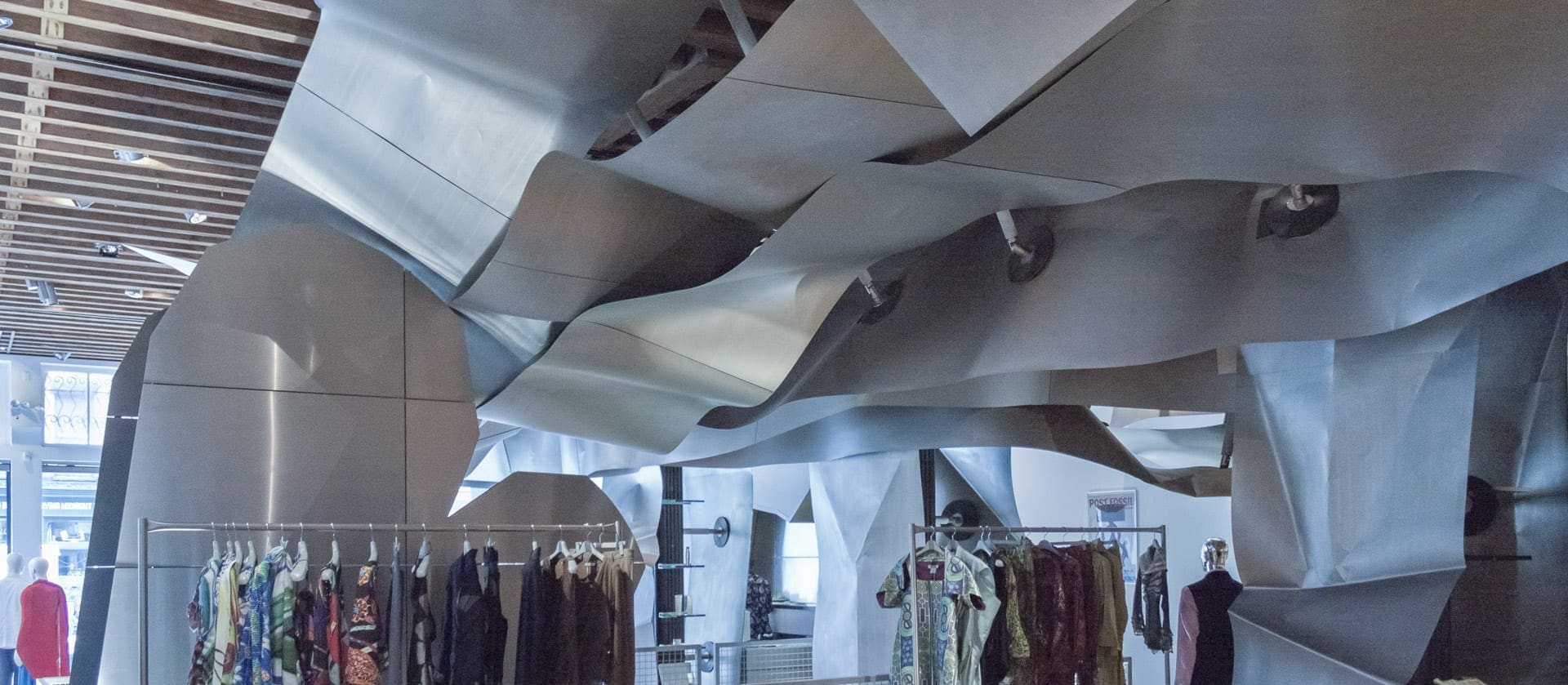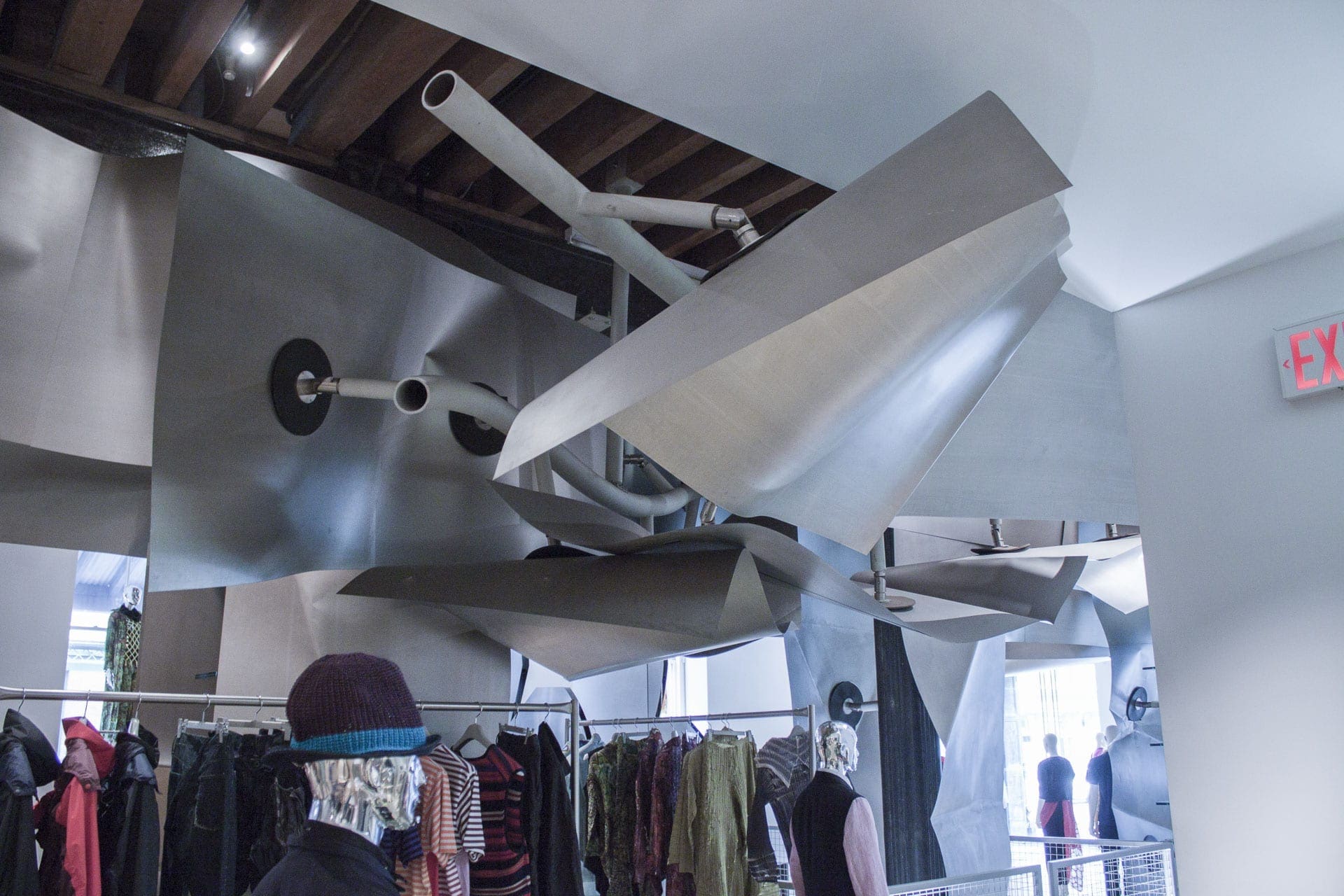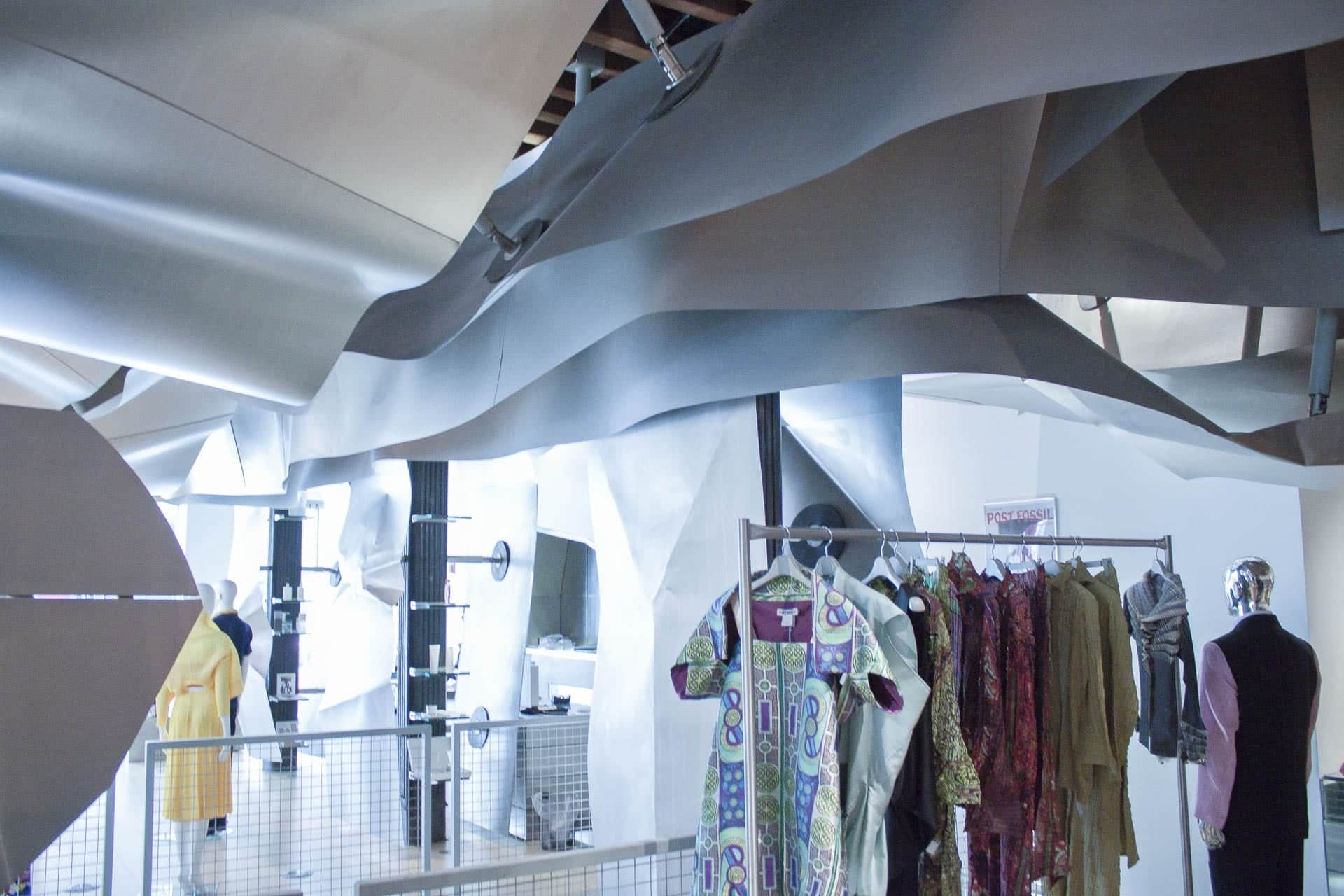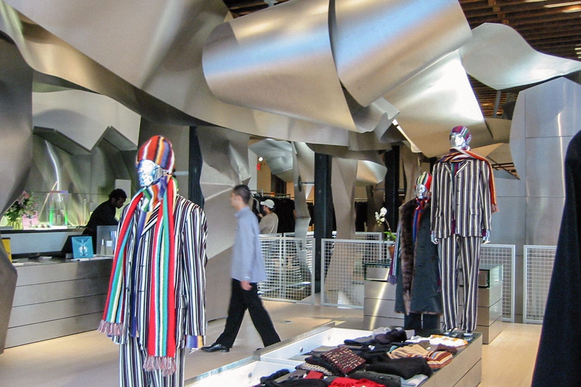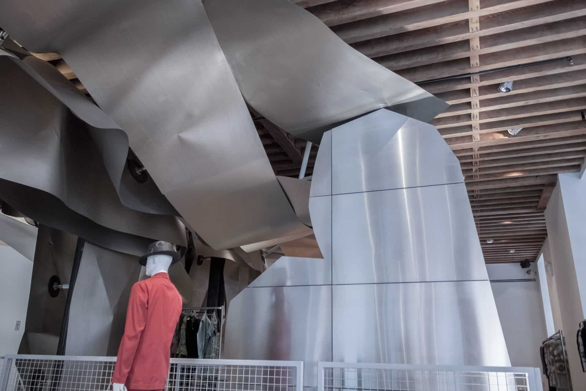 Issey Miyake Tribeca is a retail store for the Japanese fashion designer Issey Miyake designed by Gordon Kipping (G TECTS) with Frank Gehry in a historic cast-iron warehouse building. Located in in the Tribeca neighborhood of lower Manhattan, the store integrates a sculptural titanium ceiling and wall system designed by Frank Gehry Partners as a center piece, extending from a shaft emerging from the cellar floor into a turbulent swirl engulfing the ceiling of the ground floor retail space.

--

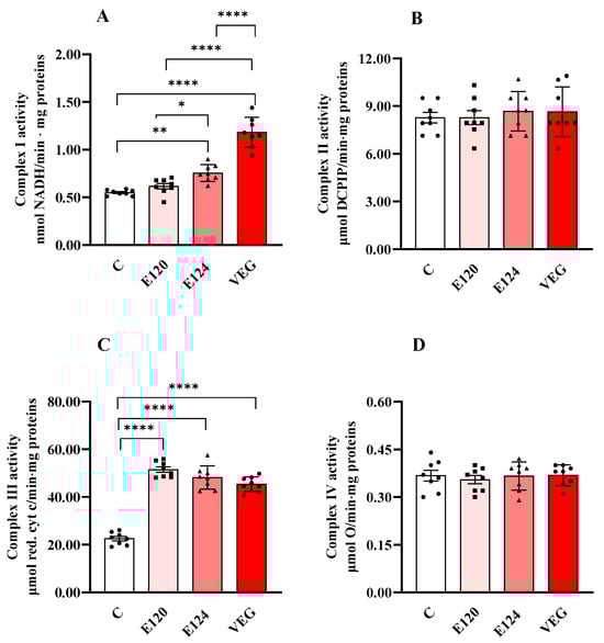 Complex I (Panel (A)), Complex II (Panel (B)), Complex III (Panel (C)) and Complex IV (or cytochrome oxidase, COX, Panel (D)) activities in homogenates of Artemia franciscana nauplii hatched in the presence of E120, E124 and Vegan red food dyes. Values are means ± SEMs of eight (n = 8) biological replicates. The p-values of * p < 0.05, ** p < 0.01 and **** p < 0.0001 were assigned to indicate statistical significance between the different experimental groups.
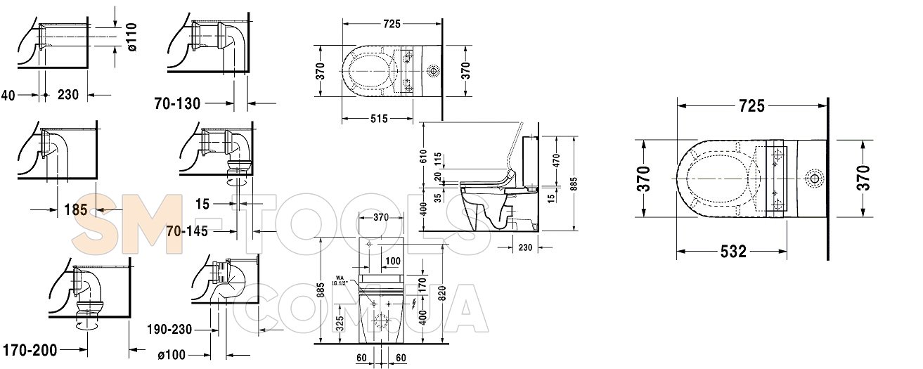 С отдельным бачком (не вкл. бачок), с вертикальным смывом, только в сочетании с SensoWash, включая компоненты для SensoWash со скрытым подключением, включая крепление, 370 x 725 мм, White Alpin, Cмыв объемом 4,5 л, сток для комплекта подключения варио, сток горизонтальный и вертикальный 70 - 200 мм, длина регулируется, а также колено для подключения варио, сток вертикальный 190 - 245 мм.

▸ WHAT TO WORK ON:
Would you output only the span of the records above that opens with the line containing "Complex I (Panel" and closes with the line containing "С отдельным бачком", ends included and pictures dropped?

▸ TASK RESPONSE:
 Complex I (Panel (A)), Complex II (Panel (B)), Complex III (Panel (C)) and Complex IV (or cytochrome oxidase, COX, Panel (D)) activities in homogenates of Artemia franciscana nauplii hatched in the presence of E120, E124 and Vegan red food dyes. Values are means ± SEMs of eight (n = 8) biological replicates. The p-values of * p < 0.05, ** p < 0.01 and **** p < 0.0001 were assigned to indicate statistical significance between the different experimental groups.
 С отдельным бачком (не вкл. бачок), с вертикальным смывом, только в сочетании с SensoWash, включая компоненты для SensoWash со скрытым подключением, включая крепление, 370 x 725 мм, White Alpin, Cмыв объемом 4,5 л, сток для комплекта подключения варио, сток горизонтальный и вертикальный 70 - 200 мм, длина регулируется, а также колено для подключения варио, сток вертикальный 190 - 245 мм.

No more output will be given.